Forgotten Knowledge, Humans and AI
How many books never made it to digital? What gaps do we have in either our information or knowledge?
TLDR;
Lots of knowledge exists in copyrighted books, not accessible to search engines and LLMs
Many mental models exist and research has already been done that you may not be aware of
We need to think about the information and knowledge gaps in the sources we have
While doing some research into software development, I chanced upon a book published in 1980 called “Software Psychology”. Buying it on a whim at $20 shipped, it was full of insights and surprises.
What the book made me question was not AI or people capability, but coverage. What knowledge exists, what knowledge is visible, and what knowledge has quietly disappeared or been forgotten.
On the initial skim, I found:
- In 1977, a commercial company existed building natural language queries on databases
- Psychological challenges of using natural language and chatbots. The original chatbot, Eliza, was written in 1966!
- Code review processes which factor in reviewer learning (IMHO - this helps with knowledge transfer and reducing key person risk)
- Halstead’s software science - foundational work in measuring software attributes
- English is ambiguous, and has limitations when querying complex systems with incomplete information and potential human bias (this sounds very relevant to AI hallucinations!)
I decided to go down the rabbit hole looking at LLMs blind spots to books, copyrighted information, proprietary information in companies and people’s knowledge that hasn’t been written down anywhere.

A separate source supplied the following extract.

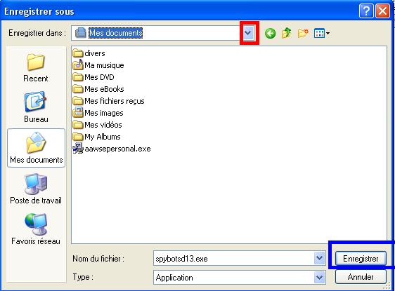Sur cette fenêtre, veillez à bien avoir le nom de mes documents dans la zone "Enregistrer dans" se trouvant en haut de la fenêtre.

No model trained primarily on the web can access what was never made visible. It’s a definite information gap in many of the LLMs we use today. Even Larry Ellison, CEO of Oracle, is talking about needing the private and commercial information
This was a “that’s interesting” moment for me, the blind spot of what’s missing, and after a bit more searching came across terms like “Dark Knowledge” and “Information Amnesia”.
“Dark knowledge” does not mean secret, just that it exists and invisible if you don’t look for it. There are many causes such as undigitised books, abandoned research paths, tacit organisational memory, and ideas that never survived a tooling or funding transition. These are gaps in current thinking or information because we don’t know they exist, or has just been forgotten.

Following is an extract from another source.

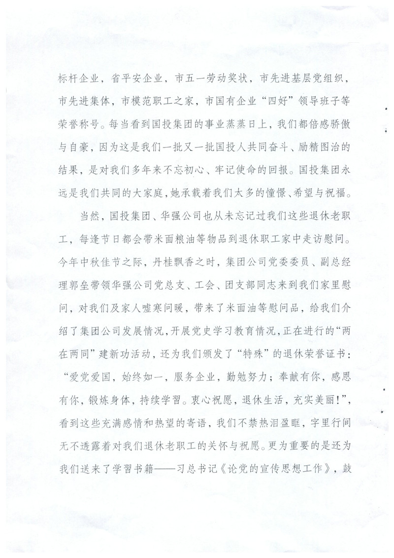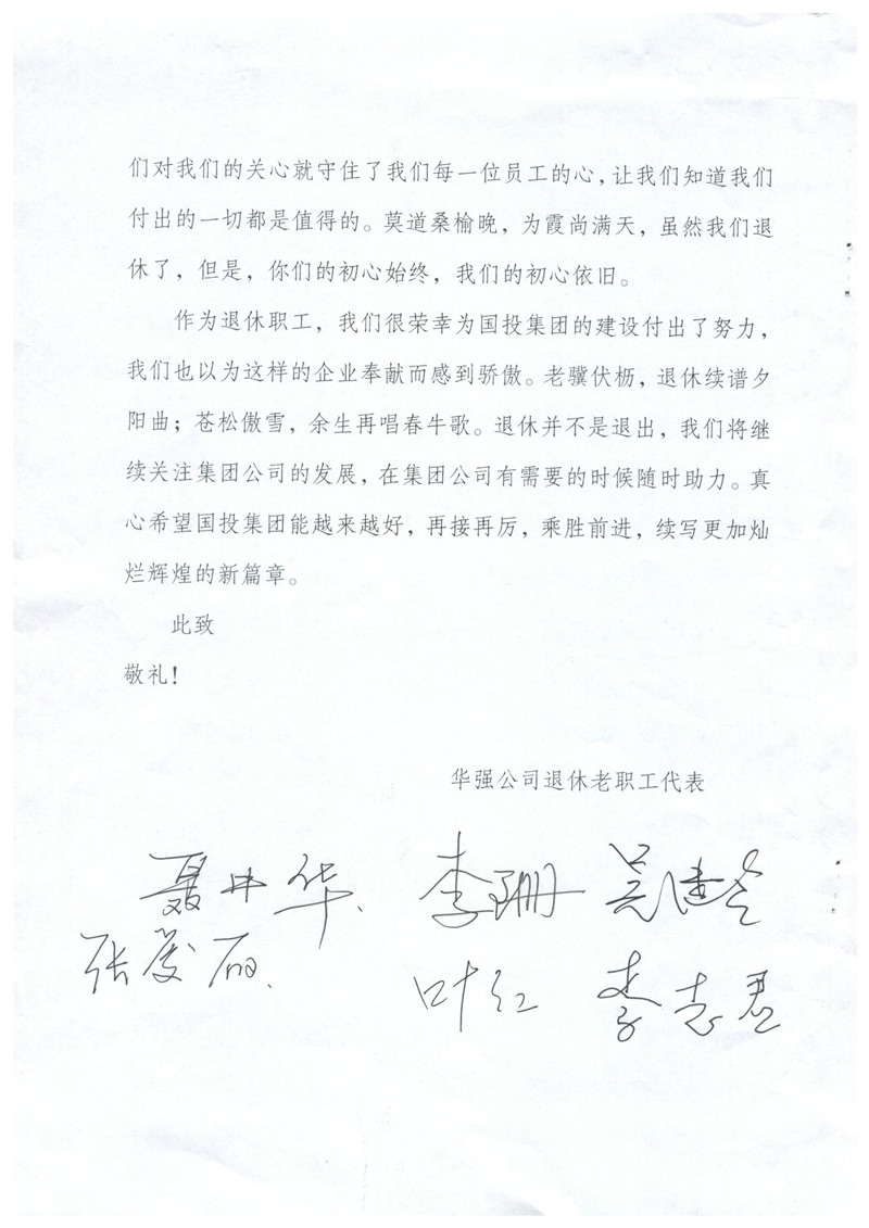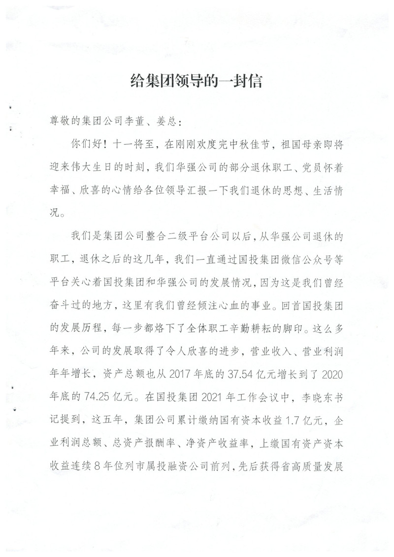 您們好!來信收悉。在中秋佳節(jié)之后,國慶即將來臨之時,收到老同志們的來信,倍感親切,老同志們退休不退出,一直關(guān)心支持國投集團改革發(fā)展情況并積極建言獻策的精神讓我們感動,正是由于像您們一樣的徐州國投老同志們的無私奉獻和精神感召,全集團2000余名在崗職工勤勉履職,愛崗敬業(yè),開創(chuàng)了徐州國投來之不易的發(fā)展成績,我們表示非常感謝,并向您們和國投集團全體退休老同志致以誠摯的問候!

Some of this loss is informational like books, papers, presentations, reports, and source code. Some loss can be knowledge, that only ever existed in practice, context, and human judgment. Often tacit knowledge and experience was never written down in the first place.

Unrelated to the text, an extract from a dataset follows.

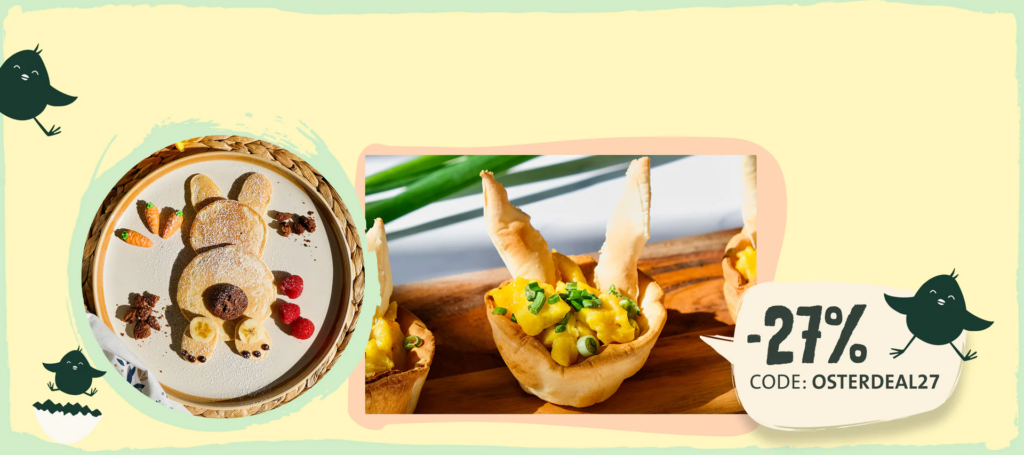 Und als ob das noch nicht genug wäre, erhältst du mit dem Oster-Deal sage und schreibe 27% Rabatt auf die Brunch Box. Einfach den Code  OSTERDEAL27  an der Kasse des Onlineshops einlösen und kräftig sparen. So steht dem gemütlichen Oster-Brunch nichts mehr im Wege!​

I think there is a systemic blind spot on certain types of information and trapped knowledge.
The “forgetting” is a byproduct of complex systems, delivery pressures and communication overhead.
The following quote was in the book, from an even older book, The Myth of the Machine (1970): Those who are so fascinated by the computer’s lifelike feats - that they would turn into the voice of omniscience, betray how little understanding they have of either themselves, their mechanical-electrical agents or the possibilities of life”
Down another rabbit hole, from this quote above, lead to the next big word I had to look up “anthropomorphism”. This is when people attribute human characteristics, emotions, or behaviors to non-human entities like animals, objects or natural phenomena. This is I think the blessing and the curse of many LLMs, they sounds like confident humans, and there can be more trust than is warranted in the outputs. Simon Wardleys calls LLMs “Coherence engines, not Truth engines”. We’ve also seen this pattern of thinking with “magic” methodologies or tools that are going to 10x our productivity, but didn’t factor people, their learning or motivations.
Coming back to the psychology aspect of software, which is why I bought the book, there are many other classic texts I’ve reread, like “Mythical Man Month” and “Peopleware”, which have similar “That hasn’t really changed in the last few decades feel to it”. Things like team sizes, communication overhead and efficiency, distractions and deep work are still challenges, with some probably timeless solutions, not solved by technology.
So, if we build software, systems and AIs, on what we remember, not what we once knew, we need to think more about the limits and gaps.
Many development teams I’ve spoken with talk about maintenance being difficult to plan and budget for, skills and knowledge transfer is difficult to fit into release schedules, and people leaving teams or companies compounds this challenge.
Part of the solution to knowledge gaps is visibility, awareness and focus, but for many people, these factors can compete directly with delivery pressures and shorter term incentives. This is a structural, not technical, challenge.
It seems like part of the solution is critical thinking about “what are we missing?” and now we can build fast, remembering that we still have to focus on the right outcome and that maintenance for a long running product is where the effort really is.